Application of proteomics to cancer early detection

Abstract

Strategies to achieve personalized medicine and improve public health encompass assessment of an individual's risk for disease, early detection, and molecular classification of disease resulting in an informed choice of the most appropriate treatment instituted at an early stage of disease development. An unmet need in this field for which proteomics is well suited to make a major contribution is the development of blood-based tests for early cancer detection. This is illustrated in proteomic studies of epithelial cancer that encompass analysis of specimens collected both at the time of diagnosis and specimens collected before onset of symptoms that are particularly suited for the identification of early detection markers. This overarching effort benefits from the availability of plasmas from subject cohorts and of engineered mouse models that are sampled at early stages of tumor development. Integration of findings from plasma with tumor tissue and cancer cell proteomic and genomic data allows elucidation of signatures in plasma for altered signaling pathways. The discovery and further development of early detection markers take advantage of the availability of in-depth quantitative proteomics methods and bioinformatics resources for data mining.
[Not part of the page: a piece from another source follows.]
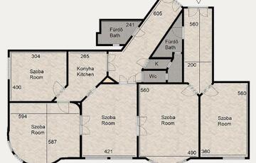 Szobái tágasak és nagy üvegfelületeiknek köszönhetően jó fényviszonyokkal rendelkeznek. Jelenlegi kialakításában 2 konyha és 2 fürdő kapott helyet. Az egyik fürdő zuhannyal és wc-vel, míg a másik káddal szerelt. Ezen felül egy külön wc is található a lakásban.

Figure 1. In-depth quantitative analysis by means of liquid chromatography-mass spectrometry of proteins in a pair of plasmas from a cancer case and a control

Plasmas from case and from control are subjected to isotopic labeling of proteins followed by pooling and fractionation of the pool prior to mass spectrometry analysis of digested fraction. Columns represent individual fractions; rows represent individual proteins identified in particular fractions. The color scheme is indicative of case to control concentrations ratios (red= increased, yellow= no change and green= decreased) for individual proteins based on differential isotope labeling. The ratio for an individual protein is determined based on the isotopic envelopes of case and control for a given peptide as shown for an EGFR peptide.
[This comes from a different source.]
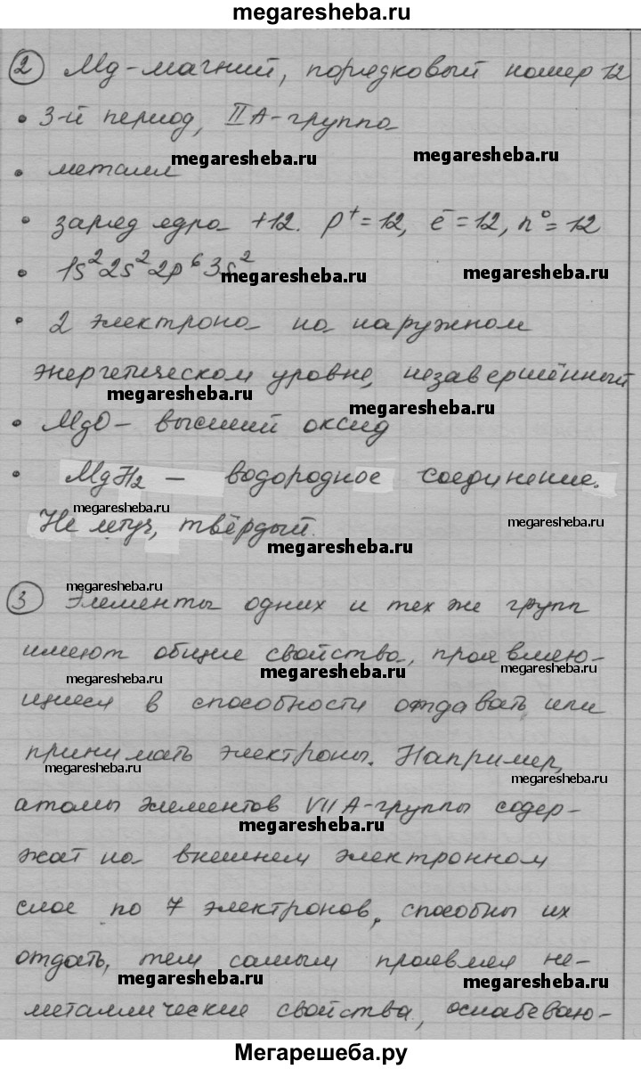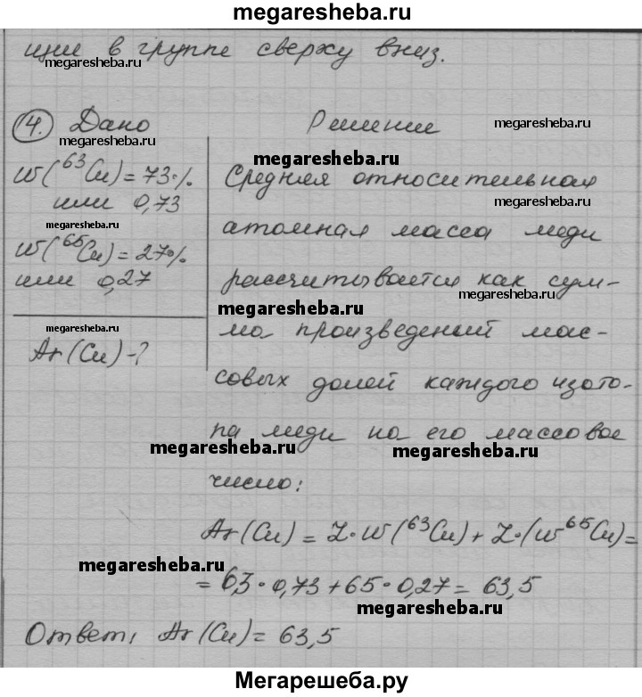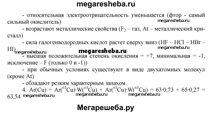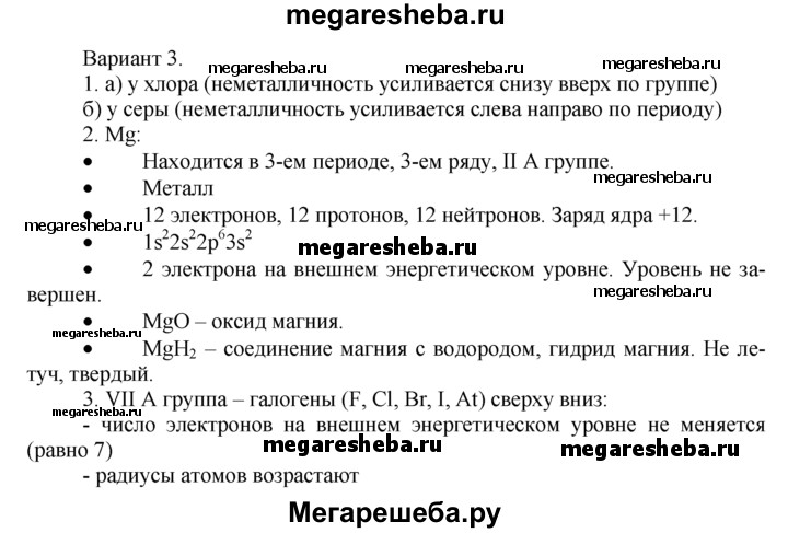 Вариант 3 1. У какого элемента сильнее выражены неметаллические свойства: а) у хлора или иода; б) у серы или кремния? Дайте обоснованный ответ на основании положения элементов в периодической таблице. 2. Дайте характеристику элемента № 12 по плану: • положение в периодической таблице • металл или неметалл • строение атома • электронная формула • число электронов на наружном энергетическом уровне, является ли он завершенным • формула высшего оксида • образует ли элемент летучее соединение с водородом, если образует, какова его химическая формула 3. Какие общие свойства проявляют элементы одних и тех же групп? Покажите это на примере элементов VIIA-группы. 4. Медь имеет два изотопа: 63^Сu и 65^Сu. Их доли в природной меди составляют 73 и 27% соответственно. Рассчитайте среднюю относительную атомную массу меди.

Figure 2. A mouse to human search for lung cancer plasma protein markers

Unsupervised hierarchical clustering of plasma proteome profile of mouse models of cancer resulted in clustering of proteomes from lung adenocarcinomas and small cell lung cancer. Validation studies of a panel of candidate markers (EGFR, SFTPB, WFDC2, and ANGPTL3) identified in mouse models of lung adenocarcinoma yielded a significant area under the curve (AUC) for the individual markers and the combined panel in plasmas from newly diagnosed subjects with lung cancer and in pre-diagnostic plasmas relative to controls. Likewise a validation study of ROBO1, a candidate marker identified in plasma from the small cell lung cancer mouse model, resulted in significantly increase levels in plasmas from subjects with small cell lung cancer relative to controls.